• [ABOUT THIS EXERCISE]
Reproduce only what runs from the line containing "Der Turny EVO" to the line containing "TY BEANIE BABY" in the records below, inclusive. Keep it exact, and keep the pictures out.

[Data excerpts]
-- Opening Marker --
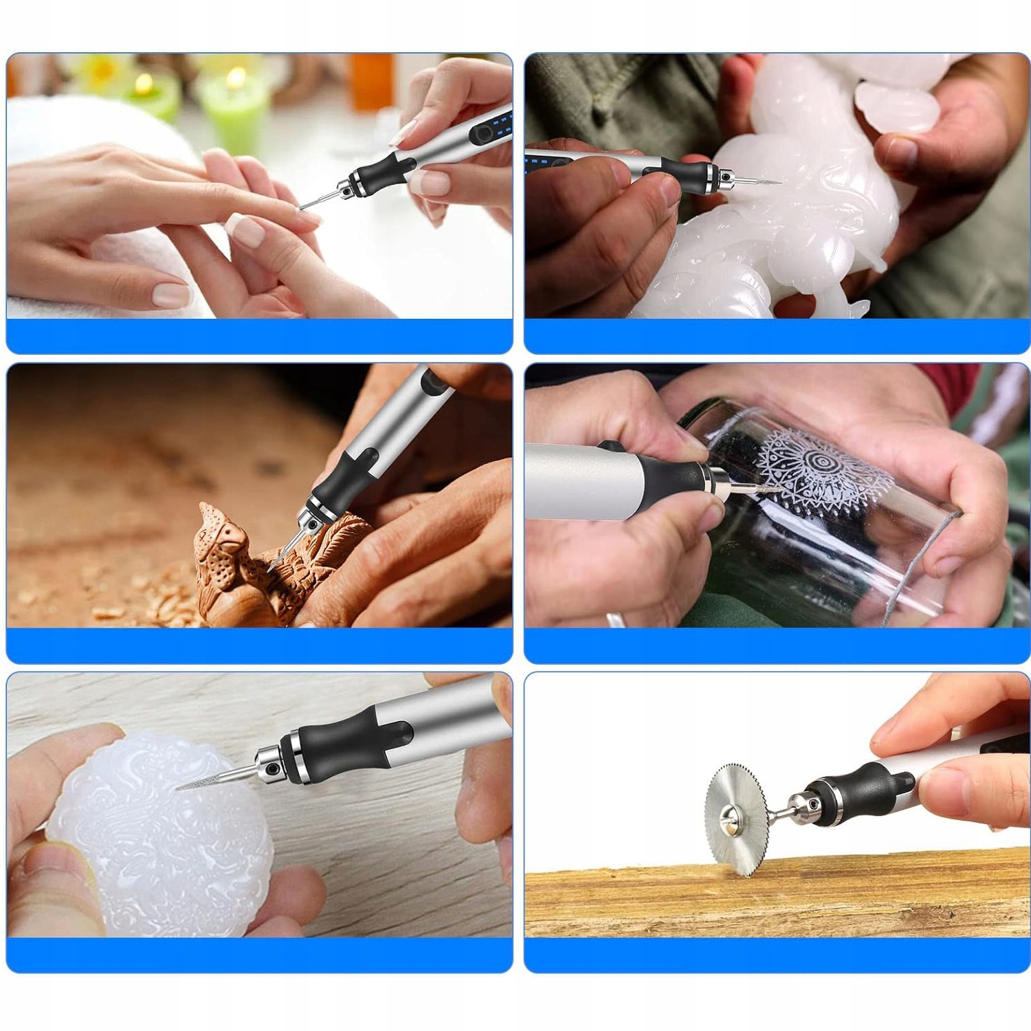 📦📦Многофункциональный набор для гравировки: Этот набор для ручной гравировки можно использовать как электрический гравировальный станок или небольшой вращающийся инструмент, который позволяет за считанные секунды персонализировать или украсить практически любую поверхность, например, металл, пластик, стекло, керамику, дерево, кожу, бриллианты, камни и многое другое.
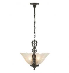 Slipper or Slip shades were common among chandeliers and pendants and featured a curved milk glass shade that produced soft light. Vintage Art Deco chandelier slipper shade, available at Rejuvination.
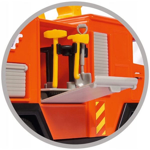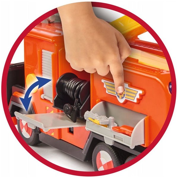 W miasteczku wybuchł pożar, musisz szybko dostać się na miejsce. Wyrusz wozem na miejsce akcji wraz z Elvisem! Wóz wygląda dokładnie tak jak w bajce! Dzięki wielu atrakcjom zabawa nigdy się nie znudzi. Pojazd został wyposażony w otwierane drzwi kabiny oraz hak do holowania. Uruchom dźwięk syren za pomocą przycisku na dachu, a zabawa stanie się jeszcze bardziej realistyczna!
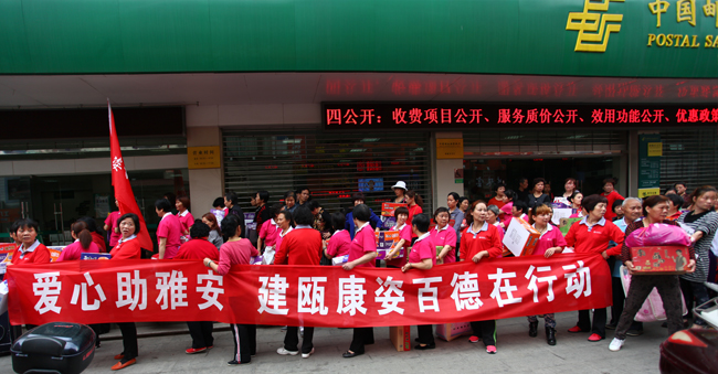 雅安地震的消息一經(jīng)傳出,建甌康姿百德體驗(yàn)店自發(fā)組織捐物資活動,體驗(yàn)店顧客及熱心群眾共計(jì)200余人參加了此次捐助活動,他們打著“愛心助雅安,建甌康姿百德在行動”的條幅,親手把愛心物資送到郵局,一路上引來不少群眾圍觀,許多熱心群眾也紛紛慷慨解囊,捐款捐物。據(jù)統(tǒng)計(jì),此次捐贈的方便面、棉被、礦泉水等愛心物資共計(jì)6萬余元,通過郵寄方式把愛心送到雅安。
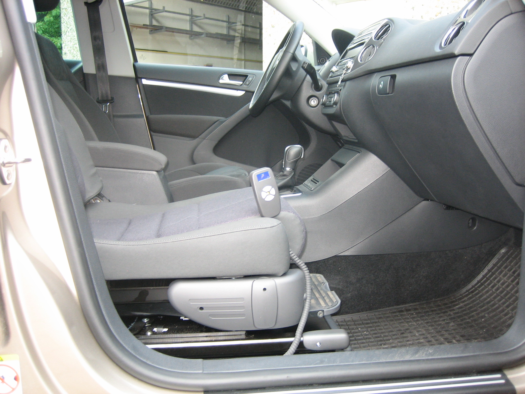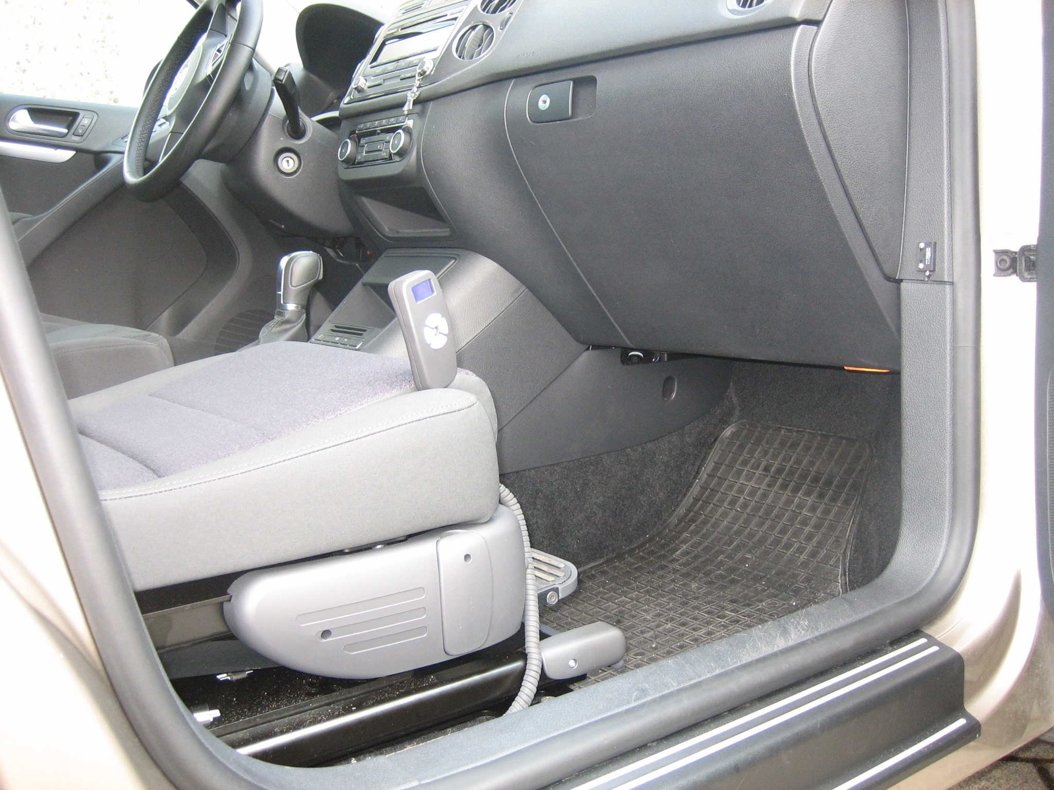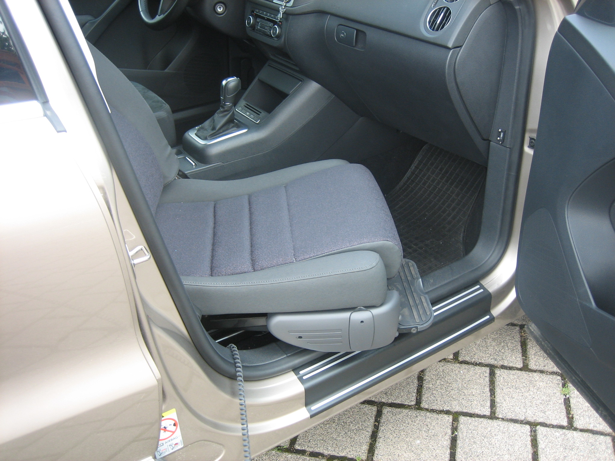 Der Turny EVO erleichtert den Ein- und Ausstieg, da der gesamte Autositz auf Fahrer- und Beifahrerseite ( hier die Beifaherseite ) aus dem Fahrzeug gefahren wird.
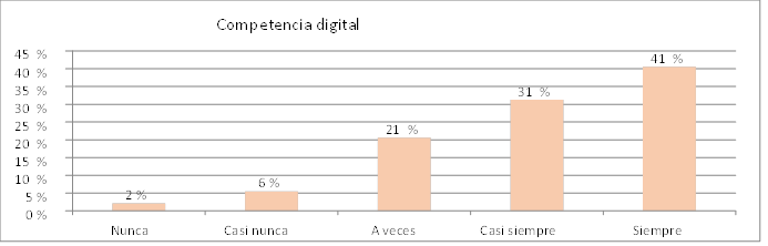 En la figura 4 se puede observar que, al desarrollar actividades propias de la competencia digital, el 41% siempre desarrolla actividades de competencia digital de la microenseñanza; seguido del 31% que aseguró que casi siempre; el 21%, a veces; el 6%, casi nunca; y el 2%, nunca; por lo que se puede concluir que la mayoría ha llevado a cabo actividades relacionadas con la dimensión Competencia digital.
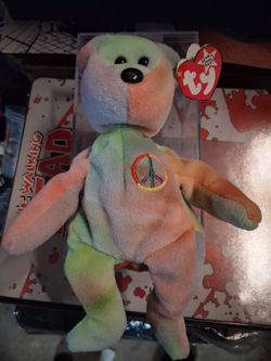 TY BEANIE BABY PEACE BEAR MULTICOLOR $100Pt Orange, FL
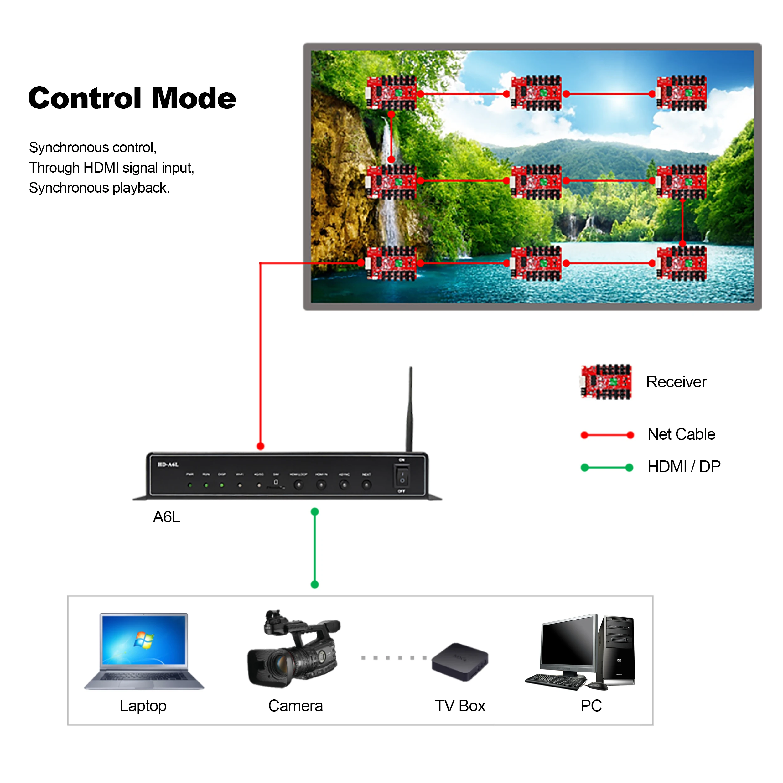 A6L es un reproductor multimedia con pantalla LED que admite la reproducción de vídeos, imágenes, animaciones GIF, textos, documentos WPS, tablas, relojes, cronometrajes y otros programas.Integra funciones como reproducción asíncrona, reproducción sincrónica y reproducción de empalme HD, compatible con programas de liberación y control multiterminal.
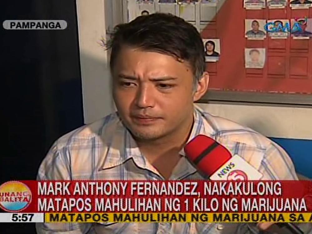 Nakakulong ngayon sa Station 6 Angeles, Pampanga si Mark Anthony Fernandez matapos mahuli ng mga pulis na mayroon siyang isang kilo ng marijuana sa sasakyan.
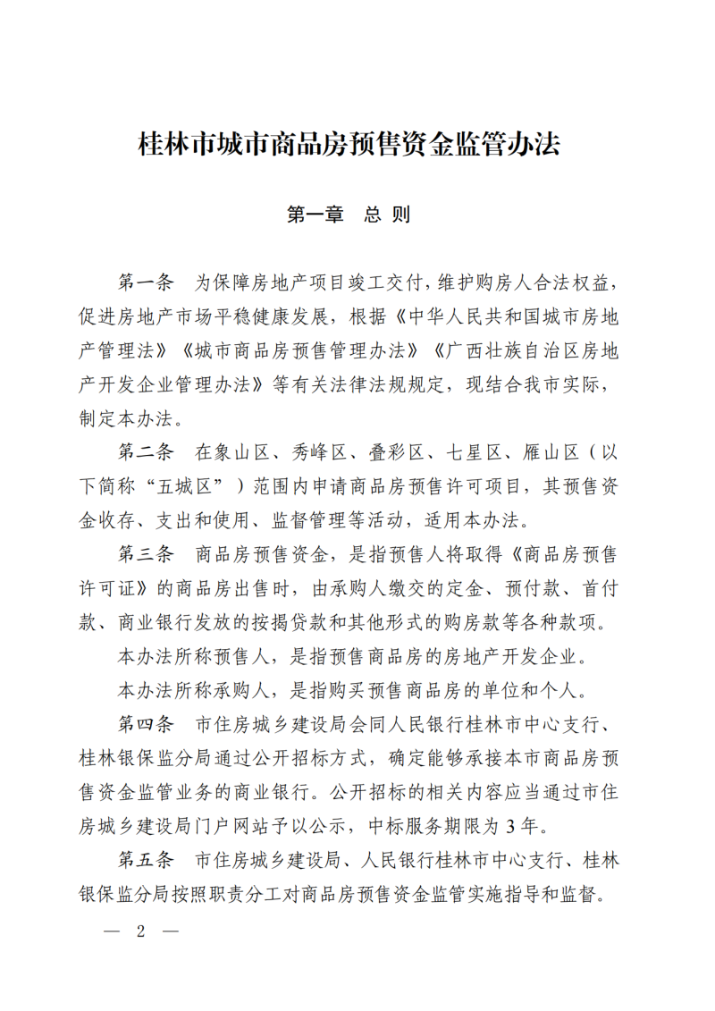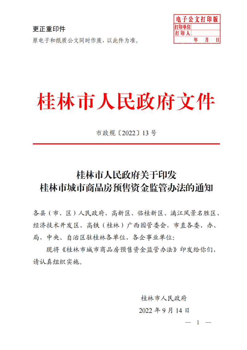 桂林市人民政府关于印发桂林市城市商品房预售资金监管办法的通知
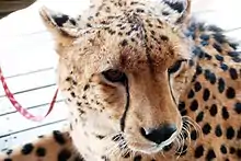 Deux guépards en captivité dans le parc zoologique de Nehru, en Inde. Le guépard asiatique, qui habitait autrefois l'Inde, y est éteint[62].
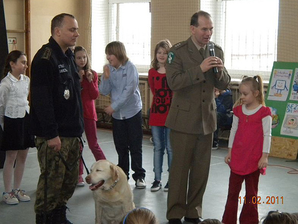 Po zakończeniu „rozprawy", odbyła się kolejna część apelu, na którą zaproszono gości specjalnych - przedstawicieli ze Straży Granicznej w Darłowie. Pan Marcin Kruszczyński zaprezentował klasom IV-VI oraz I-III problematykę zagrożeń czyhających podczas zimowych zabaw. Prosił o rozważne korzystanie z uroków zimy. Dla uczniów Trójki zaproszeni goście przygotowali także miłą niespodziankę w postaci uroczego labradora, który był nie lada atrakcją dla wszystkich widzów. Panowie poinformowali jak należy zachowywać się w stosunku do nieznanego nam psa. Tu również prosili o ostrożność.
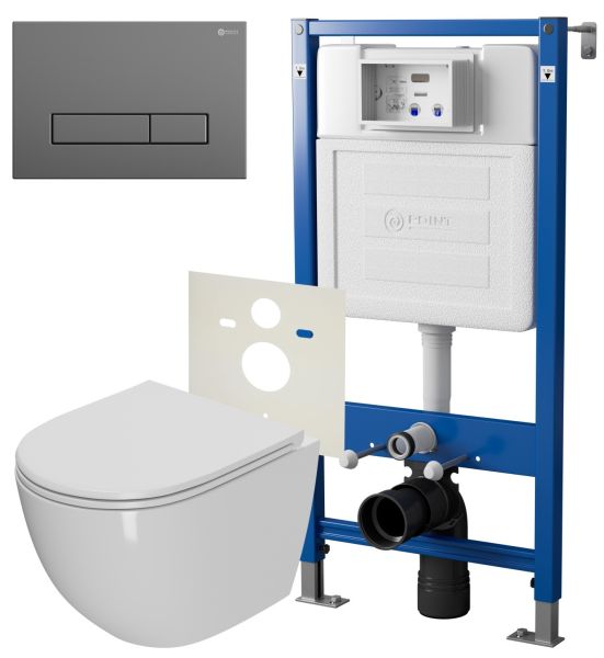 Сет: Система инсталляции Point Элемент для подвесного унитаза PN45120 + Клавиша смыва для инсталляции Point Меркурий, цвет графит, PN44831GM + Унитаз подвесной Point Афина безободковый, сиденье микролифт PN41041
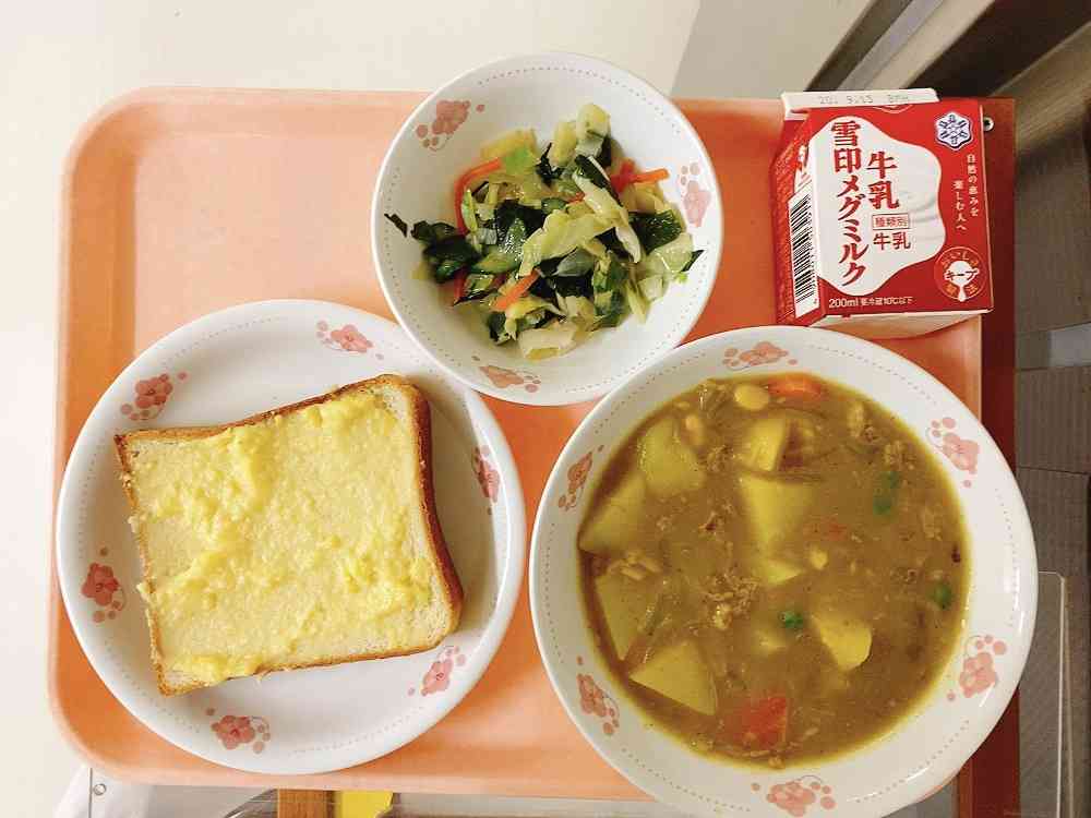 クリームチーズトースト、カレーシチュー、わかめ入りサラダ
-- Closing Marker --
• [SOLUTION FOR THIS TASK]
 Der Turny EVO erleichtert den Ein- und Ausstieg, da der gesamte Autositz auf Fahrer- und Beifahrerseite ( hier die Beifaherseite ) aus dem Fahrzeug gefahren wird.
 En la figura 4 se puede observar que, al desarrollar actividades propias de la competencia digital, el 41% siempre desarrolla actividades de competencia digital de la microenseñanza; seguido del 31% que aseguró que casi siempre; el 21%, a veces; el 6%, casi nunca; y el 2%, nunca; por lo que se puede concluir que la mayoría ha llevado a cabo actividades relacionadas con la dimensión Competencia digital.
 TY BEANIE BABY PEACE BEAR MULTICOLOR $100Pt Orange, FL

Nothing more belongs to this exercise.